Pictures stay out; please output the remaining data exactly.

## RECORDED INFORMATION
▶

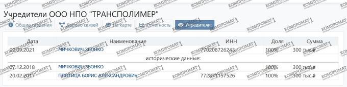А уж дальше совсем просто. Звонко Мичкович является владельцем ООО «Трансполимер» (ИНН 7706604303), но в свое время учредителем фирмы был Борис Плотица, переуступивший затем корпоративные права Звонко Мичковичу.
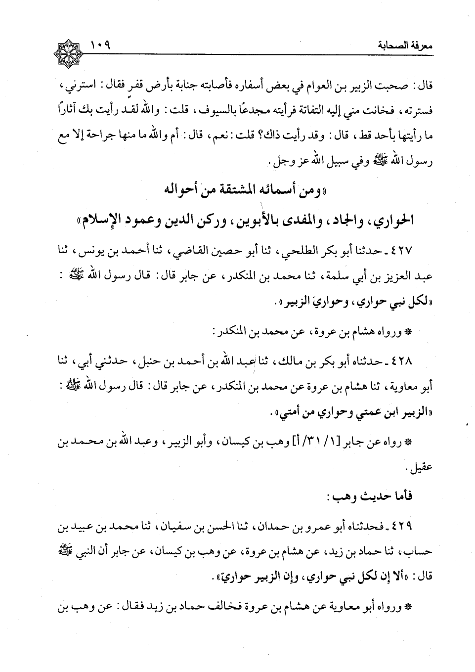 429 - فَأَمَّا حَدِيثُ وَهْبٍ فَحَدَّثْنَاهُ أَبُو عَمْرِو بْنُ حَمْدَانَ، ثَنَا الْحَسَنُ بْنُ سُفْيَانَ، ثَنَا مُحَمَّدُ بْنُ عُبَيْدِ بْنِ حَسَّابٍ، حَدَّثَنَا حَمَّادُ بْنُ زَيْدٍ، عَنْ هِشَامِ بْنِ عُرْوَةَ، عَنْ وَهْبِ بْنِ كَيْسَانَ، عَنْ جَابِرٍ، أَنَّ النَّبِيَّ صَلَّى اللَّهُ عَلَيْهِ وَسَلَّمَ قَالَ: §«أَلَا إِنَّ لِكُلِّ نَبِيٍّ حَوَارِيًّا، وَإِنَّ الزُّبَيْرَ حَوَارِيَّ» وَرَوَاهُ أَبُو مُعَاوِيَةَ، عَنْ هِشَامِ بْنِ عُرْوَةَ فَخَالَفَ حَمَّادَ بْنَ زَيْدٍ، فَقَالَ: عَنْ وَهْبِ بْنِ -[110]- كَيْسَانَ، عَنْ عَبْدِ اللهِ بْنِ الزُّبَيْرِ، وَأَمَّا حَدِيثُ أَبِي الزُّبَيْرِ
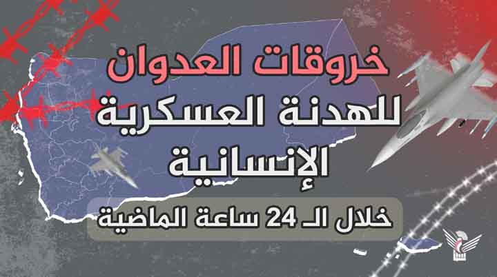 الـمــزيـدارتكبت قوى العدوان ومرتزقتها 73 خرقاً للهدنة الإنسانية والعسكرية، خلال الـ 24 ساعة الماضية. وأوضح. .

◀

## RESPONSE TO THIS TASK
А уж дальше совсем просто. Звонко Мичкович является владельцем ООО «Трансполимер» (ИНН 7706604303), но в свое время учредителем фирмы был Борис Плотица, переуступивший затем корпоративные права Звонко Мичковичу.
 429 - فَأَمَّا حَدِيثُ وَهْبٍ فَحَدَّثْنَاهُ أَبُو عَمْرِو بْنُ حَمْدَانَ، ثَنَا الْحَسَنُ بْنُ سُفْيَانَ، ثَنَا مُحَمَّدُ بْنُ عُبَيْدِ بْنِ حَسَّابٍ، حَدَّثَنَا حَمَّادُ بْنُ زَيْدٍ، عَنْ هِشَامِ بْنِ عُرْوَةَ، عَنْ وَهْبِ بْنِ كَيْسَانَ، عَنْ جَابِرٍ، أَنَّ النَّبِيَّ صَلَّى اللَّهُ عَلَيْهِ وَسَلَّمَ قَالَ: §«أَلَا إِنَّ لِكُلِّ نَبِيٍّ حَوَارِيًّا، وَإِنَّ الزُّبَيْرَ حَوَارِيَّ» وَرَوَاهُ أَبُو مُعَاوِيَةَ، عَنْ هِشَامِ بْنِ عُرْوَةَ فَخَالَفَ حَمَّادَ بْنَ زَيْدٍ، فَقَالَ: عَنْ وَهْبِ بْنِ -[110]- كَيْسَانَ، عَنْ عَبْدِ اللهِ بْنِ الزُّبَيْرِ، وَأَمَّا حَدِيثُ أَبِي الزُّبَيْرِ
 الـمــزيـدارتكبت قوى العدوان ومرتزقتها 73 خرقاً للهدنة الإنسانية والعسكرية، خلال الـ 24 ساعة الماضية. وأوضح. .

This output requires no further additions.